- **PROBLEM**
Go through the records and count every line that holds "With". Only the number belongs in the reply.

Dataset excerpts:
⟨

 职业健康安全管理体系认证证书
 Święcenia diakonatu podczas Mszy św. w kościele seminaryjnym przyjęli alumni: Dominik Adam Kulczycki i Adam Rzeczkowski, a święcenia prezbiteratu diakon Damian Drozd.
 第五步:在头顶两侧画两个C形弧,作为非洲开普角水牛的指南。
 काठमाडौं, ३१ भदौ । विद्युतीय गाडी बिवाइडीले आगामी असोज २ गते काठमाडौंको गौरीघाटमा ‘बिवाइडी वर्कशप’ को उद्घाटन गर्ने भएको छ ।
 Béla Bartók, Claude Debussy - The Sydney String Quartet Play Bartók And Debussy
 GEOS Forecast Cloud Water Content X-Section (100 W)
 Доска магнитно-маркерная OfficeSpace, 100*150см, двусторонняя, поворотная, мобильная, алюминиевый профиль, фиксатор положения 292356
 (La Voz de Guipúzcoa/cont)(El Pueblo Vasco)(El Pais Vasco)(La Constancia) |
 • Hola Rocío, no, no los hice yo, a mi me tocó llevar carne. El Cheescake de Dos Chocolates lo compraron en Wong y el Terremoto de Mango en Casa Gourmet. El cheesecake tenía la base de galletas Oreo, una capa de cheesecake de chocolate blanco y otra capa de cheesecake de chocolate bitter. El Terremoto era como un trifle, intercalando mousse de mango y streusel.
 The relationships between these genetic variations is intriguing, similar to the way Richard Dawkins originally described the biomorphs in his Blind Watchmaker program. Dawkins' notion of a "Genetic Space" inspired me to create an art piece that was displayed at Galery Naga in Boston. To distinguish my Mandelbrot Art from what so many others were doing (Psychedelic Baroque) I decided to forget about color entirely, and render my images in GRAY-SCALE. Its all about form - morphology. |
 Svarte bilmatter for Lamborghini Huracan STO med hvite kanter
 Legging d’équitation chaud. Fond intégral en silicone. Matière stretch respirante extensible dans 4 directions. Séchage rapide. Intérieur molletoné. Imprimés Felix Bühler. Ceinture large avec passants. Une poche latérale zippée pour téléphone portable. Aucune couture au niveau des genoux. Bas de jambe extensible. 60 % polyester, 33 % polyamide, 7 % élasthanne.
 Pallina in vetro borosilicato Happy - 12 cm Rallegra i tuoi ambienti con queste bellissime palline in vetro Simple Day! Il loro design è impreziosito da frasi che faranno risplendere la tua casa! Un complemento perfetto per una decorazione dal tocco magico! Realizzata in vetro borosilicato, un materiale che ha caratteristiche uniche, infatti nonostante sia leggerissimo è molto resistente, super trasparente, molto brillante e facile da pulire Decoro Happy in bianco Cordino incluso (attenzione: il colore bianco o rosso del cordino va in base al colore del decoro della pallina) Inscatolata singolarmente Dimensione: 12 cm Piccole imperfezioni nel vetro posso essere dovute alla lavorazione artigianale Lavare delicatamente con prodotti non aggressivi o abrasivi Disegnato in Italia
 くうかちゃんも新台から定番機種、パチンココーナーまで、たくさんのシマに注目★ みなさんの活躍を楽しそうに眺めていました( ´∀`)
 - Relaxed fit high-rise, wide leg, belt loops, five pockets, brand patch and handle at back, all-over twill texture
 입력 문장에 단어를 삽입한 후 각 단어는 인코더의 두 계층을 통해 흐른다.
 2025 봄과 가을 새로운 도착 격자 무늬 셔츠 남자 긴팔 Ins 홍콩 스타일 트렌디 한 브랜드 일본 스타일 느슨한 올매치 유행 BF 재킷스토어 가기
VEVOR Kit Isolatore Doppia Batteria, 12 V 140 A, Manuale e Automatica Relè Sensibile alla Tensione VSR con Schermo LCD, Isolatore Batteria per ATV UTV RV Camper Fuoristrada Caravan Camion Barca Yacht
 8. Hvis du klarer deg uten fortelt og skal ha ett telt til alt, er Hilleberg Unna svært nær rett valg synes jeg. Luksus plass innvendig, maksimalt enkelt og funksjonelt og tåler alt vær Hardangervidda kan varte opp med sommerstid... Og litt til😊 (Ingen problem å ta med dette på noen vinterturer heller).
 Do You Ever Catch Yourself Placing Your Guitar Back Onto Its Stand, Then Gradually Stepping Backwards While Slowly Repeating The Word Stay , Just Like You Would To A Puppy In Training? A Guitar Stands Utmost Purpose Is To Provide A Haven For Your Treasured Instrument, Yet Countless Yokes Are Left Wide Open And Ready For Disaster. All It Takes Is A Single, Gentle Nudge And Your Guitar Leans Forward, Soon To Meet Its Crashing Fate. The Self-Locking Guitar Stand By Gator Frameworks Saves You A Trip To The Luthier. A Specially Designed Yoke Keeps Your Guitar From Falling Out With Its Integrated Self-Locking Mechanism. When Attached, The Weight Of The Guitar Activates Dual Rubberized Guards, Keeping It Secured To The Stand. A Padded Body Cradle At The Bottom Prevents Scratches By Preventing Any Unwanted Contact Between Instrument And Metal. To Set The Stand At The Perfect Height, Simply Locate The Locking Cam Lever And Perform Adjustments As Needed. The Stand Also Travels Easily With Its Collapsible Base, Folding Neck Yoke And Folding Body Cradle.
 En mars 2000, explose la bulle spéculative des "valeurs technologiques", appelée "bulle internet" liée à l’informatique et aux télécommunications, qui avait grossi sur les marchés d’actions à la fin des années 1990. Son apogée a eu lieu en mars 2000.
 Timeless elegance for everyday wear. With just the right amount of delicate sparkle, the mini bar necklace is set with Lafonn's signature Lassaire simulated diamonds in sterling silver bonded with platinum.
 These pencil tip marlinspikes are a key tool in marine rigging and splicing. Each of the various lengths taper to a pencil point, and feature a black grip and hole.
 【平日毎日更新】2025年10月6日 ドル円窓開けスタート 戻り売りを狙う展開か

⟩

- **TASK RESPONSE**
2